My machine is an older laptop - CPU is AMD Athlon XP-M, with 512 MB RAM

Couple questions:

1) How long has this compile taken for others?
2) Is it going to take this long to compile every time there is an update to the LibreOffice port?
3) I am trying to stick to ports only and avoid packages - I have read the warnings about mixing packages and ports. Is it going to create issues if I just use one or two packages, for these really big build projects? (Right now LibreOffice is the only one that has been so big as to be really, really time-consuming.)

I enjoy using ports for lots of reasons, but if I'm going to lose my computer for a day everytime there's an update to LibreOffice, I would make an exception for this one package - as long as it doesn't cause me lots of headaches.

What say ye?


----------



## ath0 (Oct 14, 2011)

Hello zzyzcx

sadly yes every time compiling LibreOffice will take a long time. On my Athlon II X2 laptop i have 4 h fun every time but on my Phenom II X4 Desktop it's done in 2 h.
I have never used packages but imho it's ok if you use some packages. Perhaps you should use more packages than ports in my opinion your box is to slow for this much compiling. 
I think it will be frustrating, if you can't use your computer if you run an update.

regards ath0


----------



## zzyzcx (Oct 15, 2011)

Thanks ath0.

It finally finished compiling (after about 20 hours).
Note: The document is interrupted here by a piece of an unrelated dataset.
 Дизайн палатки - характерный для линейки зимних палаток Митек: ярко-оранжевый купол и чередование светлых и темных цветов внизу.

For now, because I am only experimenting with FreeBSD, I will stick to ports. I am doing it as much for the learning experience as anything.
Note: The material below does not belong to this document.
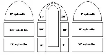 • VI episodio: Victoria de Constantino sobre Majencio en Puente Milvio . Con la cruz en su escudo, derrota al enemigo y más tarde se convierte al Cristianismo.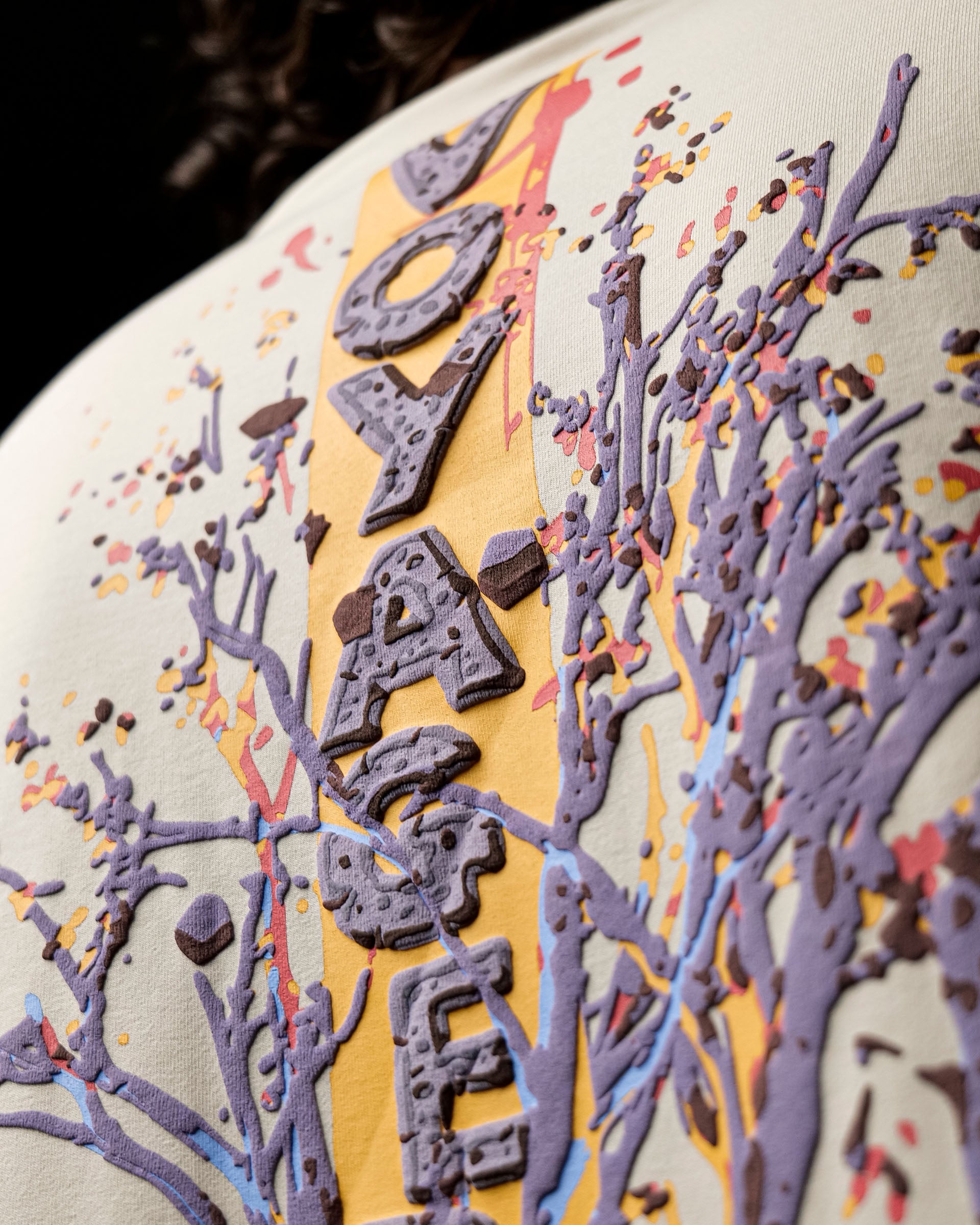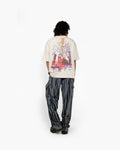 Premium oversized unisex T-shirt crafted from Cotton Spandex Terry Looper. This piece showcases a bold and immersive back graphic that blends post-apocalyptic ruins with surreal nature, where a lone explorer in a yellow coat gazes up at a towering tree springing from red rock. The vivid 3D puff print brings texture and life to every detail—from the purple trees and golden-yellow trunk to the striking vertical “VOYAGER” monolith rising through the center.

When I get up to speed on FreeBSD I will have to set it up on a faster box that will handle these challenges better. 

For now - patience.


----------



## wblock@ (Oct 15, 2011)

Investigate the use of nice(1) to lessen the impact of background port building.  I've mentioned elsewhere that using a shell with antialiasing slows down interactivity, all those characters being rendered and scrolling off the screen.  Building in a disconnected sysutils/tmux session improves that a lot.


----------



## jb_fvwm2 (Oct 16, 2011)

For a long time I did not know that one can cntl-c a build (or simply exit X if it is running in an xterm), and as long as the work subdirectory remains as it was, one can restart the port (98 percent of the time probably) and it will after a few seconds pick up where it left off.  So if a large port is slowing down your browsing, you can maybe restart it while you are out of the room even... (imho a usability *feature* of the ports system...) or if too many tabs are open in the browser to compile at the same time.  Wish I'd known about it back in 2004 when I first installed...


----------



## zzyzcx (Oct 16, 2011)

@wblock: Thank you for that tip about nice(1) which led me also to renice(1). I have libreoffice-legacy compiling now in another terminal even as I write this, using
`# renice 10 -g 1334`
and I am able to browse the net comfortably while my box is humming away.
I will take a look at sysutils/tmux as well. For right now, while I am still getting the hang of what's going on, I like to see those commands scrolling up the screen... gives me confidence that something is actually working 

@jb_fvwm2: That is good to know about using cntl-c to interrupt a build, but it makes me nervous - perhaps I'm too cautious. But when I'm in hour 13 of a massive build, the last thing I want to do is have to start over if something goes wrong. I don't even give my computer dirty looks while it's compiling for fear it might retaliate.


----------



## zzyzcx (Oct 16, 2011)

zzyzcx said:
			
		

> ... which led me also to renice(1).



Oops... it's renice(8).

Still getting the hang of the forum tags.


----------



## jb_fvwm2 (Oct 17, 2011)

jb_fvwm2 said:
			
		

> For a long time I did not know that one can cntl-c a build (or simply exit X if it is running in an xterm), and as long as the work subdirectory remains as it was, one can restart the port (98 percent of the time probably) and it will after a few seconds pick up where it left off.  So if a large port is slowing down your browsing, you can maybe restart it while you are out of the room even... (imho a usability *feature* of the ports system...) or if too many tabs are open in the browser to compile at the same time.  Wish I'd known about it back in 2004 when I first installed...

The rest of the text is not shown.